Figure 2 Plots of true teacher effect percentiles on DOLS, AR, SGP-Median, and SGP-Mean percentiles using simulated data—DG-RA scenario.
Figure 2 Plots of true teacher effect percentiles on DOLS, AR, SGP-Median, and SGP-Mean percentiles using simulated data—DG-RA scenario.

Moreover, it is unlikely that nonlinear relationships between current and prior scores are a significant feature of real data. In our actual data, we find that the coefficient on the squared term in a regression of math achievement on math prior achievement, prior achievement squared, other student demographics, and teacher indicators is estimated to be around 0.05 rather than an unrealistically large number like 1. Moreover, when we compare estimated teacher effects from the basic DOLS estimator with those from a DOLS estimator that includes the square and cube of prior year test scores in the real data, we find that the estimates are very highly correlated (around 0.99), signaling that nonlinearities do not occur in real data in a way that impacts teacher quality measures.

Figure 3 Plots of true teacher effect percentiles on DOLS, AR, SGP-Median, and SGP-Mean percentiles using simulated data—DG-PA scenario.
Figure 3 Plots of true teacher effect percentiles on DOLS, AR, SGP-Median, and SGP-Mean percentiles using simulated data—DG-PA scenario.
Figure 4 Plots of true teacher effect percentiles on DOLS, AR, SGP-Median, and SGP-Mean percentiles using simulated data—DG-NA scenario.
Figure 4 Plots of true teacher effect percentiles on DOLS, AR, SGP-Median, and SGP-Mean percentiles using simulated data—DG-NA scenario.

Also in an effort to keep the simulation simple, we did not include other demographic characteristics of students, such as, say, English Language Learner (ELL) status, in the test-score data-generating process, nor did we sort students on the basis of these characteristics in our simulation. However, it would logically follow that a DOLS-type estimator that also controls for such observables will outperform the other estimators under nonrandom assignment based on these characteristics, since neither the SGP nor the AR models control for teacher assignment and the SGP estimators typically omit student demographics altogether.

One claim that could be made about the SGP approaches is that the teacher rankings may be more robust to outliers, since the quantile regression estimators used in the ranking method are themselves less affected by outliers. If the distribution is thicker tailed, the SGP model may perform better than the estimators based on OLS. As a further robustness check, therefore, we examine the performance of the estimators when the idiosyncratic error term ui3 is drawn from a t-distribution with 3 degrees of freedom (df). The t-distribution with 3 df has much thicker tails than the normal distribution.

Results are reported in . Under random grouping and random assignment (RG-RA), the SGP-Median and particularly the SGP-Mean estimators outperform the value-added estimators. The SGP-Median estimator has a rank correlation of 0.72, and the SGP-Mean estimator has a rank correlation of 0.79 in the λ = 1 case. The value-added estimators have a slightly lower rank correlation of 0.71.
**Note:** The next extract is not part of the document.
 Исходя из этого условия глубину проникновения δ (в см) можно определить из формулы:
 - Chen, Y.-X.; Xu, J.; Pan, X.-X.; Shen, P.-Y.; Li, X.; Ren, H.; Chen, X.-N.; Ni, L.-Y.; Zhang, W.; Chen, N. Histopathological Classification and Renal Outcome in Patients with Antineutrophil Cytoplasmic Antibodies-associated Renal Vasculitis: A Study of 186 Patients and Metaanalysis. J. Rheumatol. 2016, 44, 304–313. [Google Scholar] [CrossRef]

Table 2 Rank correlations and misclassification measures across estimators with simulated data generated with (3) errors. Results from 100 replications. Row 1: average rank correlation. Row 2: percentage of teachers above bottom 25% in true effect misclassified in bottom 25%. Row 3: percentage of teachers in bottom 25% in true effect misclassified in top 75%

Under the dynamic grouping and nonrandom assignment (DG-PA and DG-NA) scenarios, however, DOLS again outperforms the SGP estimators, which do not properly partial out the relationship between the covariates and the teacher’s value-added. The rank correlation for DOLS remains relatively stable at 0.70 and 0.71 for the DG-PA and DG-NA scenarios in the λ = 1 case. The rank correlation for the SGP-Median estimator drops to 0.57 and 0.59 for the DG-PA and DG-NA scenarios, and the rank correlation drops to 0.66 and 0.66 for the SGP-Mean estimator.
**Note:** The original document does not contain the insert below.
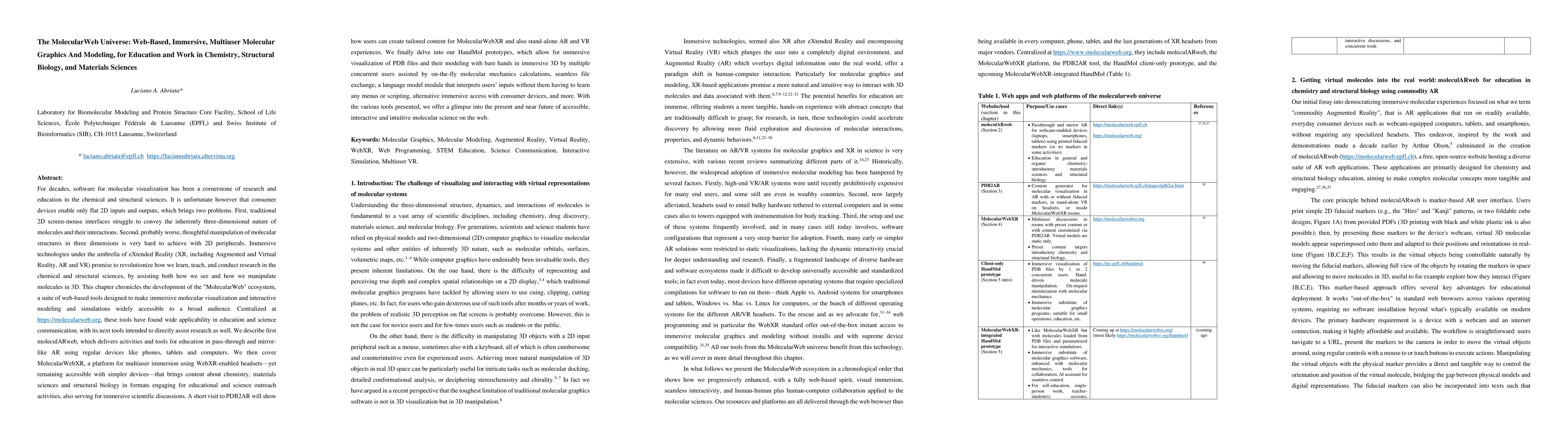 Molecular visualization software has long supported research and education in chemical and structural sciences, but consumer devices constrained to 2D inputs and outputs pose two major challenges: they poorly convey 3D nature, and 3D manipulation is very difficult. eXtended Reality (XR, including AR and VR) offers new ways to see and interact with molecules in three dimensions. This chapter presents the "MolecularWeb" ecosystem (https://molecularweb.org), a set of web-based tools for immersive visualization, modeling, and simulations, already widely used in education and science communication and now expanding toward research applications. We cover moleculARweb, which provides AR educational activities via phones, tablets, and computers; MolecularWebXR, a multiuser WebXR platform accessible from both headsets and simpler devices, supporting immersive education, outreach, and scientific discussion; and PDB2AR, which enables users to generate custom content for MolecularWebXR and standalone AR/VR. Finally, we introduce a prototype and an upcoming version of HandMol, our latest WebXR software which allows concurrent multiuser immersive visualization and modeling of molecules with bare hands supported by real-time molecular mechanics, natural language input via a language model, and access through both high-end headsets or consumer devices like smartphones and laptops. Together, these tools demonstrate the present and near-future of accessible, interactive molecular science on the web.

An important takeaway from this sensitivity analysis is that there may be cases in which using the SGP estimators is preferable. One such case may be when the distribution is thick tailed and there is random grouping and assignment. However, as the simulations show, even in the thick tailed case, nonrandom grouping and assignment still pose a threat to the SGP estimators.

4. EMPIRICAL ANALYSIS

We now examine the correlations between the estimators using real data. A main finding from the simulations was that the DOLS and SGP estimators provide similar rankings under random assignment but somewhat different rankings under nonrandom assignment. Using real data, we would therefore expect to find patterns suggesting a similar relationship between DOLS and SGP estimators when comparing correlations for teachers in schools with little evidence of nonrandom grouping with those for teachers in schools with evidence of nonrandom grouping.
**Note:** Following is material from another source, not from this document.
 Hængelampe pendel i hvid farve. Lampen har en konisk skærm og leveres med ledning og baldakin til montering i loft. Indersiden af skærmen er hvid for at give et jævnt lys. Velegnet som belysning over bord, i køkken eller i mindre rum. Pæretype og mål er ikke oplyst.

Table 3 Spearman rank correlations across estimators for nonrandom grouping and random grouping schools in administrative dataset. Grades 5 and 6. Years 2002–2007

4.1 Data

We use administrative data from a large and diverse anonymous school district in a southern state. The data consist of 215,411 student year observations from years 2002–2007 and grades 5 and 6. Student-teacher links are provided. Also, basic student information, such as demographic and socio-economic status, are available. The data include vertically scaled achievement scores in reading and math on a state criterion referenced test. Our analysis focuses on effectiveness estimates for mathematics teachers.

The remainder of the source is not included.